After a few minutes, he followed her inside, where she had curled herself into a tight knot on the couch. “I’m sorry, Velvet,” he said. “I didn’t mean to hurt you.”

“What did you mean to do?”

“I don’t know. I was just so…so mad at you.”

“Why? Because I wouldn’t go to bed with you?” She hid her face against the back of the settee, shocked at her own blunt words.

“I guess so.”

“Why would you expect me to…to do that?”

“I shouldn’t have. I don’t know what got into me.”

“But you did.” She lifted her face. In the lamplight, his eyes glowed, but not with happiness.

“I was wrong. Wrong about Claudia, wrong about you.” He sat down in the chair across from her. “I’m leaving first thing in the morning, Velvet. I don’t want to remember you like this.”

She sat up. “I’ll drive you back to the field.”

“No, I’ll go downtown and ride back with the fellows at the Canteen when it closes.” He rose and stepped toward her, then stopped. “I do love you, Velvet.”

She nodded. “I know you do. And for what it’s worth, I love you, too.”

“I wish I could believe that.”

“You can.”

“But I’m not still your prince. More like a toad.”

She didn’t smile. “I don’t believe in fairytales anymore.”

“Because of me?”

“You said I needed to grow up.”

“I’ve said a lot of things I wish I could take back, but I guess that much was right. I had to grow up overnight when I was fourteen, but you had your sister. You still do.”

“There’s nothing wrong with that.”

“She still calls you ‘baby girl,’ and that’s how you think of yourself—as her baby girl. You haven’t had to grow up, because she’s always been there to take care of things for you.”

Anger flared in Celeste. “I’ve worked since I was twelve years old and put up with Daddy on top of that.”

“You think that makes you a woman?”

She watched the rage building in him again. She’d seen it before, more than once, and retreated from it. Now she felt trapped, even threatened—though not physically.

“I thought it did. Not letting you get all over me makes me responsible, not immature.”

“I don’t want…you’re not a one-night stand, Velvet. Not by a long shot. We could’ve gotten married.”

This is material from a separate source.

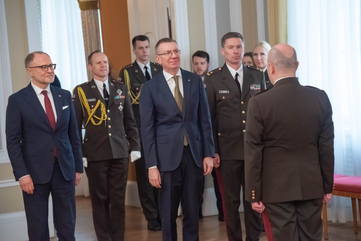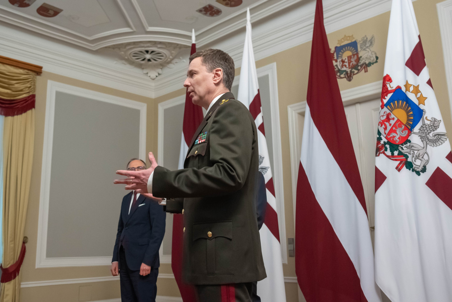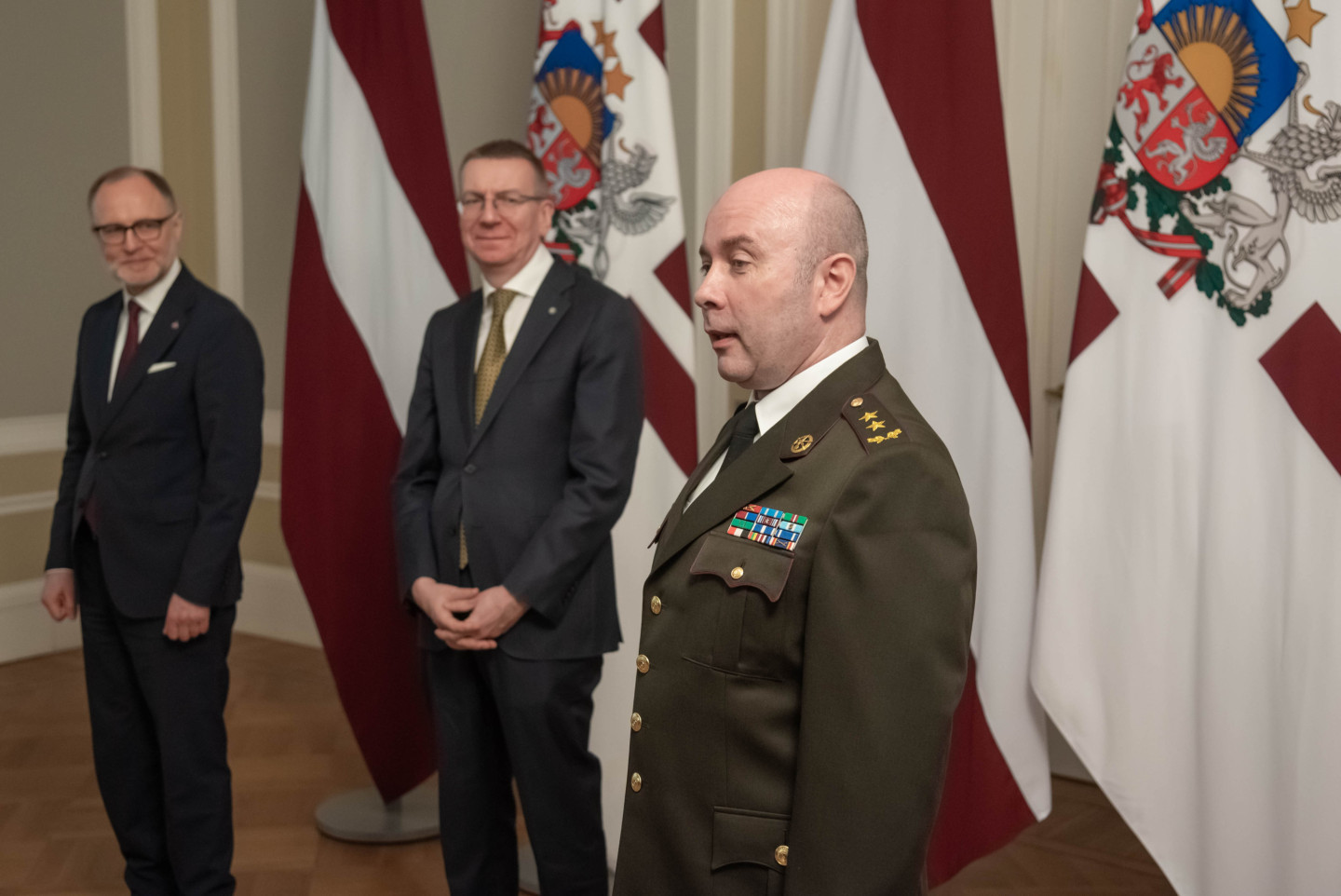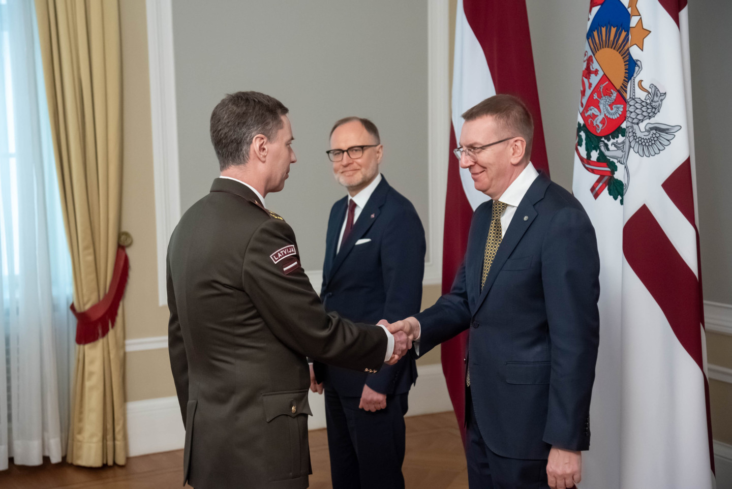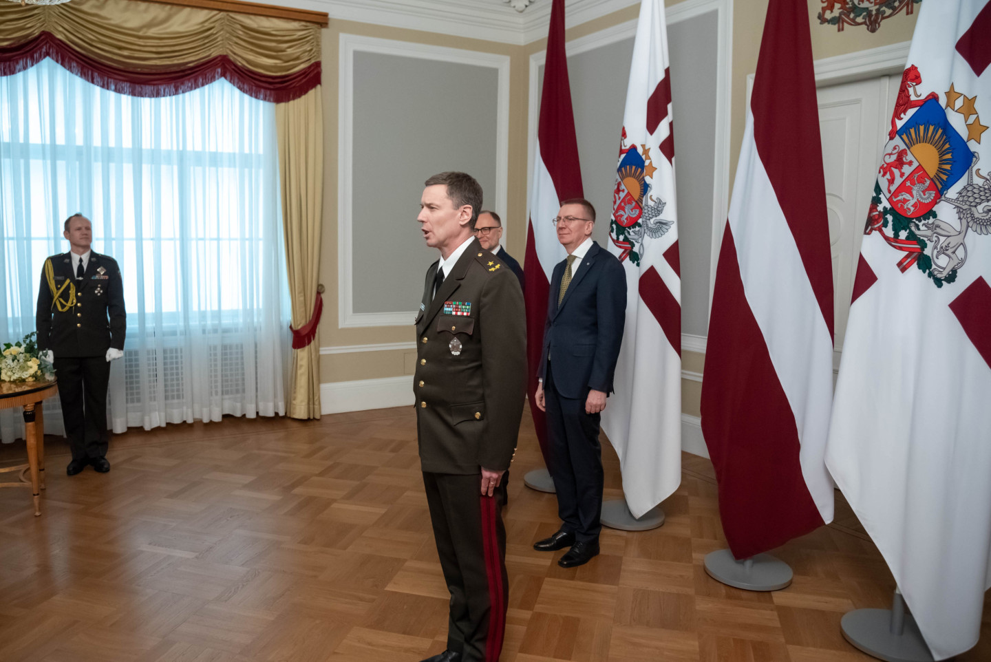 Rīgas pilī šodien norisinājās svinīgs pasākums, kura ietvaros Valsts prezidents Edgars Rinkēvičs pasniedza ģenerālmajora dienesta pakāpi NBS ģenerālim un NBS Apvienotā štāba priekšniekam brigādes ģenerālim.

“So we could sleep together for a few nights?”

“You know it’s more than that.”

She dropped her head to hide her face until she got control of her emotions. “I want to know that, Kent. I want to believe you really love me.”

“I’ve said so plenty of times.”

“I know.”

“But that’s not enough, is it? Why? Can you tell me that?”

“I wish I knew.”

“You said we needed to talk so we could get to know each other, and we’ve done that. If you don’t know me by now, you never will.”

“I know you’re a good person, Kent.”

“Look, I’ve been honest with you about what I did. Maybe I should’ve come clean right off the bat, but I didn’t. I’m not perfect. Neither are you.”

“I never said I was.”

“No, but you wanted to live in a perfect world. That’s what you were doing when you stayed in this house in your own room, even though your father didn’t care anything about you.”

She straightened her shoulders in a show of what she hoped was confidence. “He did once.”
And I can’t tell you why he didn’t love me after Mamma died. You’ve been honest with me, but I can’t be honest with you, not now, not ever. You don’t care about a little boy who might really be yours, and you wouldn’t care about somebody who doesn’t even know who her own father is.